The Chairman, Nigerian Medical Association, Ekiti chapter, Dr. John Akinbote, who justified the strike action, lamented that those sacrificing for robust health care delivery in the country were being abandoned.
He said, “People should come out and speak for the doctors. Our strike action is to press home our demand for the payment of four months salaries being owed our members.
“We are all aware of the fuel scarcity and our children are in schools, we have to pay their school fees and also attend to other bills. People will live better if appropriate things are done.
“Morbidity and mortality have increased as a result of poor health condition of our people. The unpaid salaries are exacerbating the medical conditions of Nigerians and the government must do the needful.

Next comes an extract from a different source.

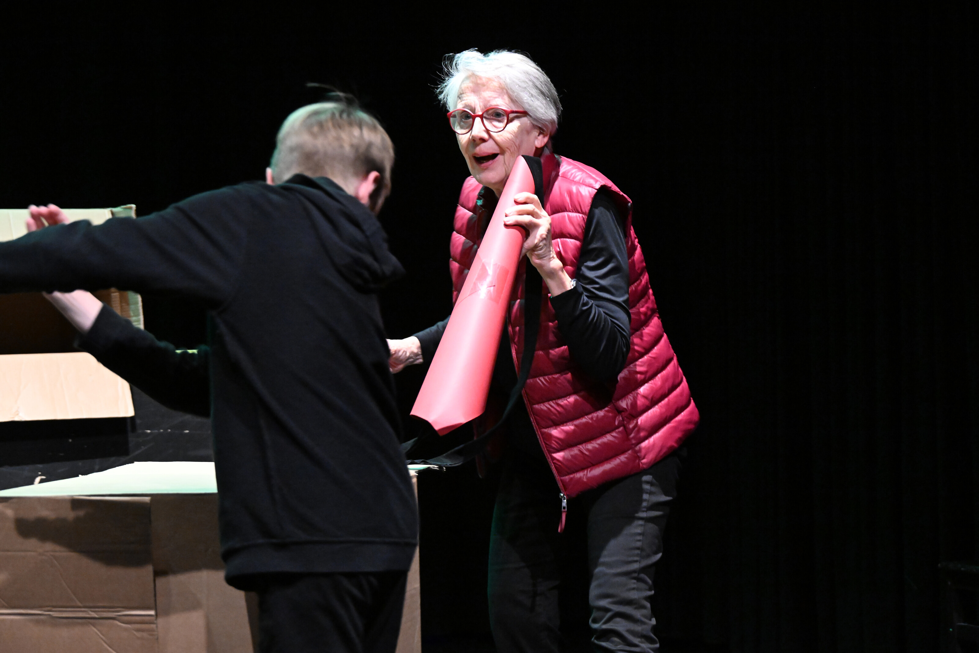17 Schüler*innen, eine Lehrerin, 6 Senior*innen und ein pensionierter Blindenhund präsentierten ausgehend vom verbindenden Themenfeld «Erinnerungen» das Gemeinschaftswerk «Fundbüro der Erinnerungen». Der Präsentation ging eine dreimonatige Spiel-, Experimentier- und Recherchephase voraus. Aus den dabei entwickelten Fundstücken entstand das Theaterstück. Dabei ging es um Erinnerungen, die verschwinden, die vergessen werden, die im Fundbüro abgegeben oder aber an eben diesem Ort wieder gefunden werden. Und manch eine Erinnerung weckte in direkter Weise neue Erinnerungen.

“If we refuse to go on strike, the government will just sleep over this matter. The fight is not about doctors alone, but for all workers. How do people get money to go to work when salaries are not paid? We are talking to ARD on how the salaries can be paid, so that they can return to work.”
Akinbote appealed to the state government to find “a balanced ground” to resolve the issue. He said doctors expected the government to do the needful so that the strike would not be prolonged “unnecessarily.”

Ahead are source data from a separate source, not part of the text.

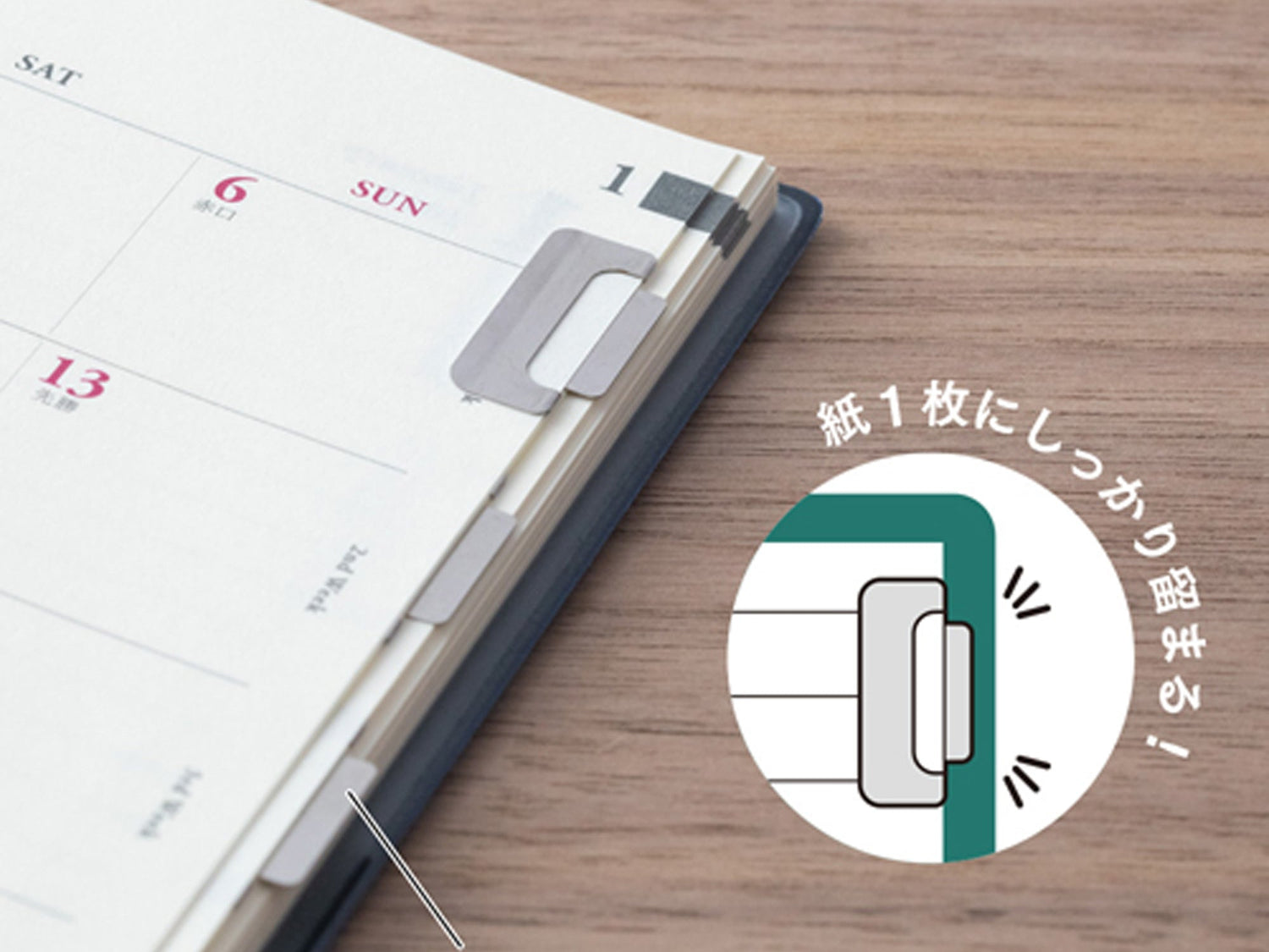 Midori Chiratto clips hold firmly to a single sheet of paper. They are made of extremely thin metal to mark your page in a planner or notebook. The simple design can be used either horizontally or vertically.
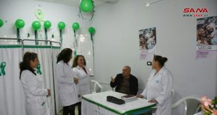 حمص-سانا بدأت اليوم الحملة الوطنية للتقصي عن السرطان في محافظة حمص تحت شعار (وعيك هو قوتك)
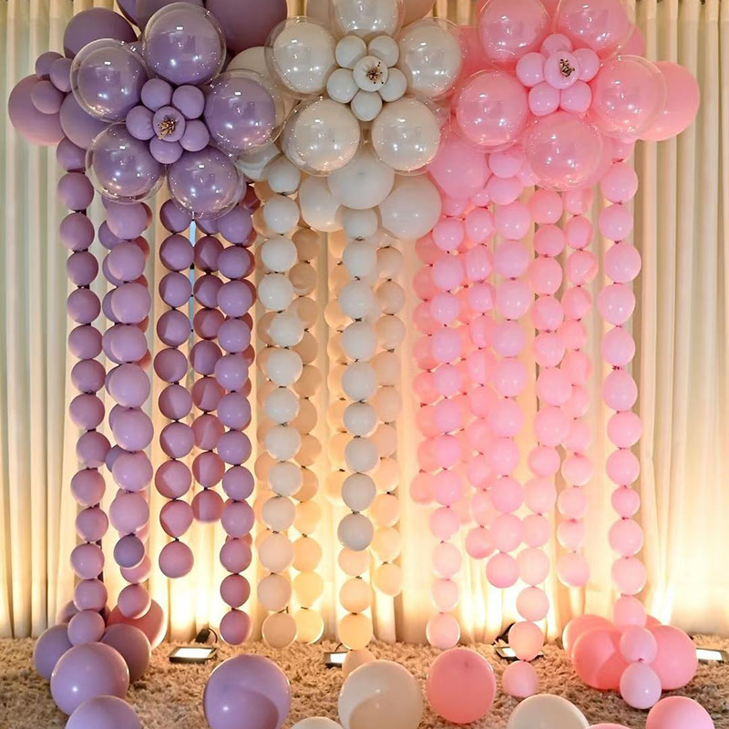 বাণিজ্যিক সাজসজ্জার জন্য উপযুক্ত (যেমন নাইট মার্কেট স্টল এবং পার্টি পরিকল্পনা)। লেজ ডিজাইনটি সময় সাশ্রয় করে বেলুনগুলির দ্রুত স্ট্রিংিংয়ের অনুমতি দেয়। বাণিজ্যিক পারফরম্যান্সের জন্য, আমরা 10 ইঞ্চি বেলুনটি বেছে নেওয়ার পরামর্শ দিই। এর স্থিতিস্থাপকতা এবং নমনীয়তা এটি মাছ এবং ড্রাগনের মতো জটিল আকার তৈরির জন্য আদর্শ করে তোলে এবং এটি ফেটে যাওয়ার সম্ভাবনাও কম। স্ফীত হওয়ার আগে, ক্ষতির জন্য বেলুনটি পরীক্ষা করুন। ওভারফিলিং (প্রায় 80%) এড়িয়ে চলুন এবং সরাসরি সূর্যের আলো এড়িয়ে চলুন এবং এর ভাসমান সময়টি দীর্ঘায়িত করার জন্য তীক্ষ্ণ বস্তুর সাথে যোগাযোগ করুন। ল্যাটেক্স বার্ধক্য প্রতিরোধের জন্য একটি সিল করা, শুকনো, শীতল জায়গায় অব্যবহৃত বেলুনগুলি সংরক্ষণ করুন। পরবর্তী ব্যবহারের আগে স্থিতিস্থাপকতা পরীক্ষা করুন।
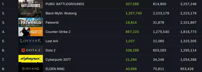 Am Tag der Veröffentlichung wurde Black Myth: WuKong von mehr als 2,2 Millionen Menschen online gespielt - und das nur auf Steam! Das Spiel hat damit so beliebte Spiele wie Counter-Strike 2, Cyberpunk 2077, Elden Ring, Hogwarts Legacy, Baldur's Gate 3 und Palworld überholt und liegt mit seinen 3,2 Millionen Spielern an zweiter Stelle nach PUBG. Aber diese Zahl scheint nicht unerreichbar zu sein und wahrscheinlich wird Monkey King in den nächsten Tagen auch der König von Steam werden.

Our correspondent gathered that relatives of patients in Ekiti State University Teaching Hospital, Ado Ekiti, had been requesting for referrals to Federal Government and private hospitals in the state.
A top member of the hospital’s management team, who reacted to the strike on condition of anonymity because he was not authorised to speak, said, “We are speaking to the striking doctors but it seems as if they are recalcitrant. They need to show understanding.
“We are optimistic that the meeting of Monday, April 18 will yield good result. Hopefully, by Monday or Tuesday, they should suspend the strike and return to work.”